Patient demographics and baseline characteristics were recorded including age, sex, body mass index, smoking status, and comorbidity burden. Of note, comorbidity burden was assessed using a modified Charlson comorbidity index with the age component excluded in order to evaluate age and comorbidity burden separately. ROM data, including active forward flexion (aFF), passive forward flexion (pFF), and external rotation (ER), were recorded at 2-week, 6-week, 3-month, 6-month, and 1-year clinical follow-up visits. ROM data were collected primarily from physical therapy notes to standardize measurements. PROs were also assessed at follow-up visits, including visual analog scale shoulder pain scores and Patient-Reported Outcomes Measurement Information System (PROMIS) pain interference, physical function, and depression domain scores.

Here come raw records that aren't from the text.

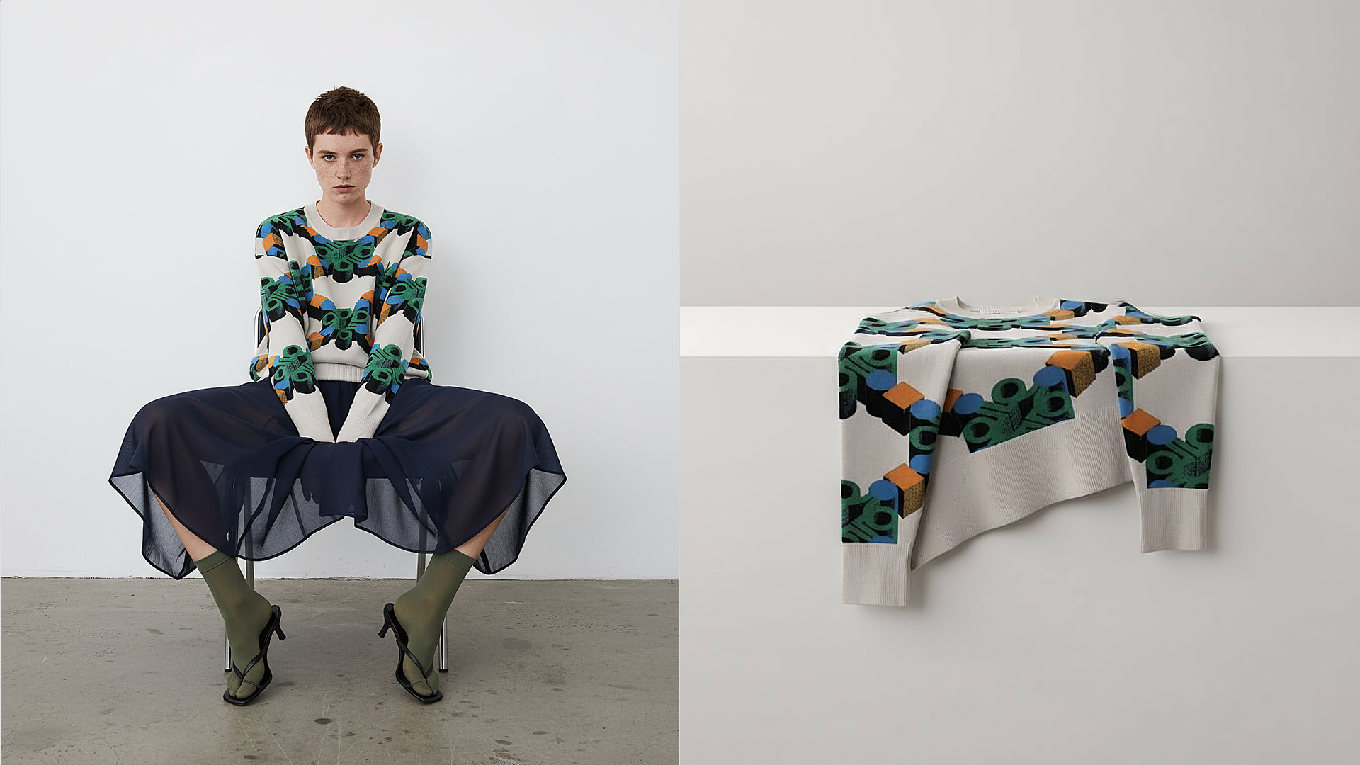 Each sweater is machine-knitted and hand-linked by skilled makers, where panels are connected by hand for precision and durability. The result is knitwear that carries both modern design language and traditional craftsmanship.
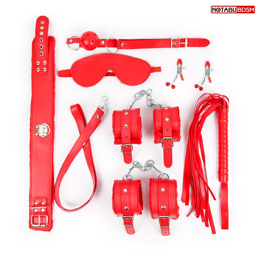 Чудовий набір аксесуарів для любителів БДСМ. У комплект входять кляп, наручники, кайдани, нашийник, повідець, мотузка, маска, батіг, затискачі для сосків.
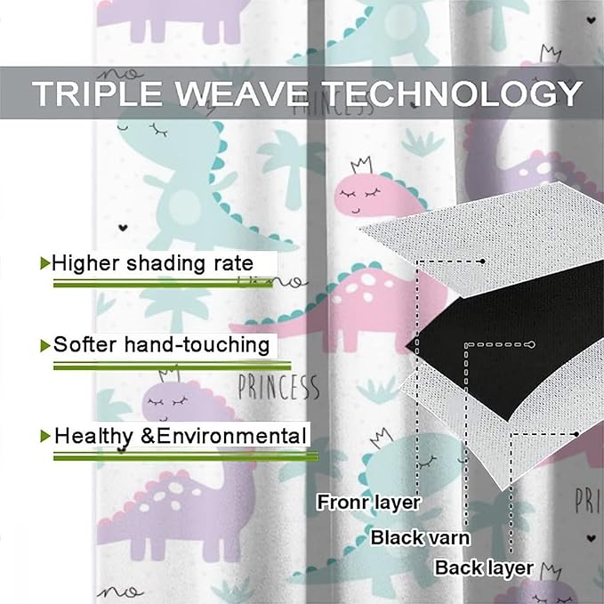 Kids Dinosaur Curtains for Boys Girls Bedroom Decor Cartoon Dino Colorful Cute Funny Animal Wildlife Printed Blackout Rod Pocket Window Drapes for Baby Nursery Playroom W36xL63in 2 Panels
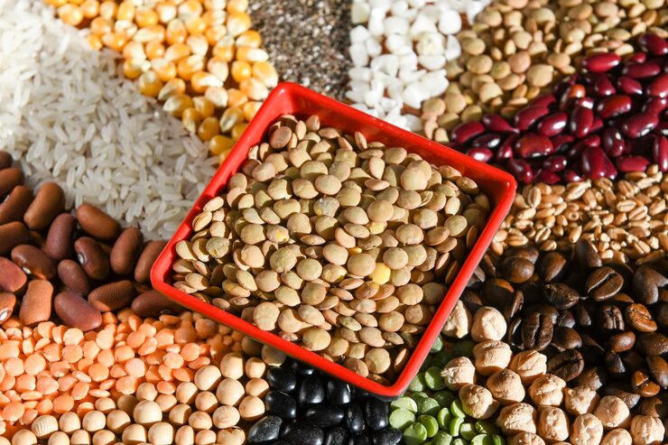 Groupe de cultures de base comprenant des grains et des plantes riches en protéines, constituant une source alimentaire majeure et jouant un rôle clé dans la sécurité alimentaire et la diversification des systèmes de production.
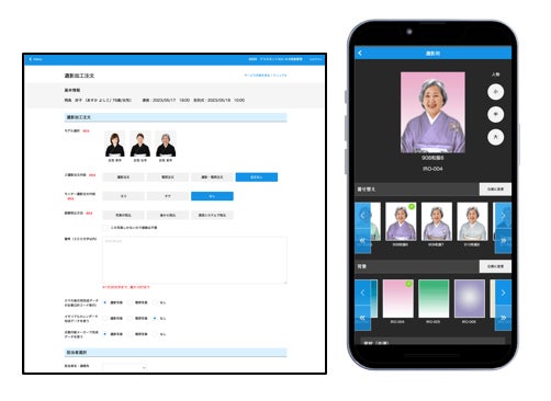 遺影写真の着せ替えや背景をシミュレーションしながら、ご遺族とリアルタイムで共有しながら打ち合わせができるので、発注ミスなどのトラブル防止にもつながります。

Any complications that occurred up to 1 year after treatment were recorded. Complications included nonunion, avascular necrosis, intraarticular screw cutout, hardware failure, adhesive capsulitis, and periprosthetic fracture. The presence of scapular notching or tuberosity malunion/resorption on postoperative radiographs at any time point was recorded for RSA patients.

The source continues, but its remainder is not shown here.